____ Records supplied
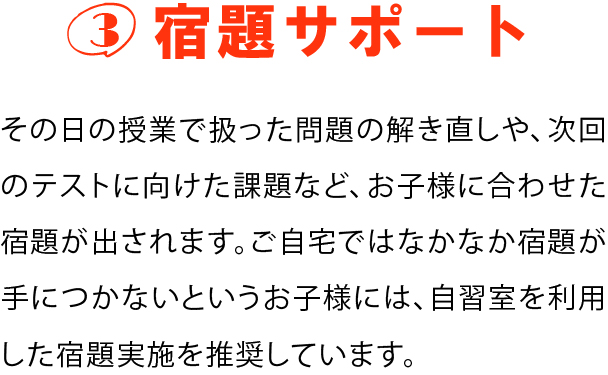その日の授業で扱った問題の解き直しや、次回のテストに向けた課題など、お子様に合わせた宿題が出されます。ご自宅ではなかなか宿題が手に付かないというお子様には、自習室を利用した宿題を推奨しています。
________
____ Records supplied
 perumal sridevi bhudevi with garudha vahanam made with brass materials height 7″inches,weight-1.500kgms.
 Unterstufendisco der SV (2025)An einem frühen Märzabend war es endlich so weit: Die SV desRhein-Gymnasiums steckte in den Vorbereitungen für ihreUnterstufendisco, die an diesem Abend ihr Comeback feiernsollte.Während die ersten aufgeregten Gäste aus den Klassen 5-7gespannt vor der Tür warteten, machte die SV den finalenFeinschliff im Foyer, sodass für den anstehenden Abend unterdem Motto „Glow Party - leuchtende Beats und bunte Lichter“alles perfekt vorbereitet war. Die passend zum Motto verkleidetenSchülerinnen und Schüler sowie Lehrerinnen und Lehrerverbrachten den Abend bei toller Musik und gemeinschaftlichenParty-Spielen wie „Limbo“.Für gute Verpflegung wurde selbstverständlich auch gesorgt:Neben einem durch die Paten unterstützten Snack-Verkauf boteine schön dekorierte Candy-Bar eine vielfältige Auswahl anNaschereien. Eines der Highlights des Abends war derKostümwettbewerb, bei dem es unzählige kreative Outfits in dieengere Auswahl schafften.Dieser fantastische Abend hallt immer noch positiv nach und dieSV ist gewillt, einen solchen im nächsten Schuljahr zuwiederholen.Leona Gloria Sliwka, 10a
________
## Try it
Using the material above, transcribe exactly the lines from the line with "perumal sridevi bhudevi" to the line with "Unterstufendisco der SV"; both count, and nothing else goes in.

## Result of the task
 perumal sridevi bhudevi with garudha vahanam made with brass materials height 7″inches,weight-1.500kgms.
 Unterstufendisco der SV (2025)An einem frühen Märzabend war es endlich so weit: Die SV desRhein-Gymnasiums steckte in den Vorbereitungen für ihreUnterstufendisco, die an diesem Abend ihr Comeback feiernsollte.Während die ersten aufgeregten Gäste aus den Klassen 5-7gespannt vor der Tür warteten, machte die SV den finalenFeinschliff im Foyer, sodass für den anstehenden Abend unterdem Motto „Glow Party - leuchtende Beats und bunte Lichter“alles perfekt vorbereitet war. Die passend zum Motto verkleidetenSchülerinnen und Schüler sowie Lehrerinnen und Lehrerverbrachten den Abend bei toller Musik und gemeinschaftlichenParty-Spielen wie „Limbo“.Für gute Verpflegung wurde selbstverständlich auch gesorgt:Neben einem durch die Paten unterstützten Snack-Verkauf boteine schön dekorierte Candy-Bar eine vielfältige Auswahl anNaschereien. Eines der Highlights des Abends war derKostümwettbewerb, bei dem es unzählige kreative Outfits in dieengere Auswahl schafften.Dieser fantastische Abend hallt immer noch positiv nach und dieSV ist gewillt, einen solchen im nächsten Schuljahr zuwiederholen.Leona Gloria Sliwka, 10a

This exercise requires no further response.